Of course, the weakness of encryption is that is relies upon these certificates in the first place. Intermediaries that sit in between the user and the web — such as Gogo and Lenovo — have the opportunity to issue their own certificates for various sites, representing that they operate those sites. Thus, Gogo’s network posed as YouTube, and presented a fake, self-generated SSL certificate to the user’s browser indicating, erroneously, that it operated YouTube and other Google web domains. (Technically, Gogo’s network presented a fake certificate for any *.google.com domain, encompassing far more than merely Google’s YouTube site.) As a result, Gogo was able to inspect traffic to YouTube and determine it was video (Gogo blocks video sites because of bandwidth constraints on planes). Worse still, Lenovo allowed its advertising partner Superfish to pose as any website in order to insert targeted ads into encrypted webpages.

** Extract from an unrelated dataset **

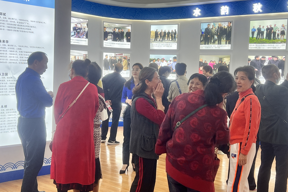 文化長廊的“飲水思源”區(qū)域記載了集團(tuán)從1969年建司以來的大事記,“水韻秋實(shí)”區(qū)域張貼了許多工作場景的老照片,“水到渠成”區(qū)域懸掛著水務(wù)人親筆書寫的字畫,還有配件展示區(qū)的一件件實(shí)物,都讓老同志們駐足攀談,夢回當(dāng)年。

Intermediaries thus have the opportunity to take advantage of their privileged position as a network intermediary to pose as a destination website in order to intercept and inspect encrypted communications. In computer security, this is commonly called a “man-in-the-middle” attack: an entity sitting between two other parties who are trying to communicate with each other (here the user and YouTube) intercepting, inspecting, and potentially altering those communications, and posing to each party as the other party. And that is what happened in these cases — the intermediary posed as the destination site to the end user, and it posed as the end user to the destination site, decrypting and then reencrypting traffic between the two destinations. As a result, they were able to view the unencrypted communications between the two in a way that it could not have if it hadn’t falsely issued certificates for those domain. In doing so, they also — especially in the case of Lenovo — made it much easier for other parties to pose as destination websites and intercept encrypted traffic (more about that in a bit).
OK, So Is That Actually Legal?

There might be a few statutes where you could make a legal case that this behavior is illegal (the Wiretap Act, for one), but I’m going to focus on Section 5 of the Federal Trade Commission (FTC) Act. While most nations around the world have comprehensive data protection law, the United States is an outlier; the US only protects certain sensitive categories of information through sector-specific laws like HIPAA (health), Gramm-Leach-Bliley (finance), and FERPA (education). That said, using its decades-old consumer protection authority under Section 5, the FTC has been the de facto privacy and security regulator in the U.S. in recent years. Broadly speaking, Section 5 prohibits companies from engaging in deceptive or unfair business practices; the FTC (and state Attorneys General under similar state laws) have applied this standard to dozens of privacy and security cases in recent years (for a full exploration, consider this excellent article by Professors Dan Solove and Woody Hartzog). Under these precedents, there is a very strong argument that breaking encryption will in many cases violate this statute.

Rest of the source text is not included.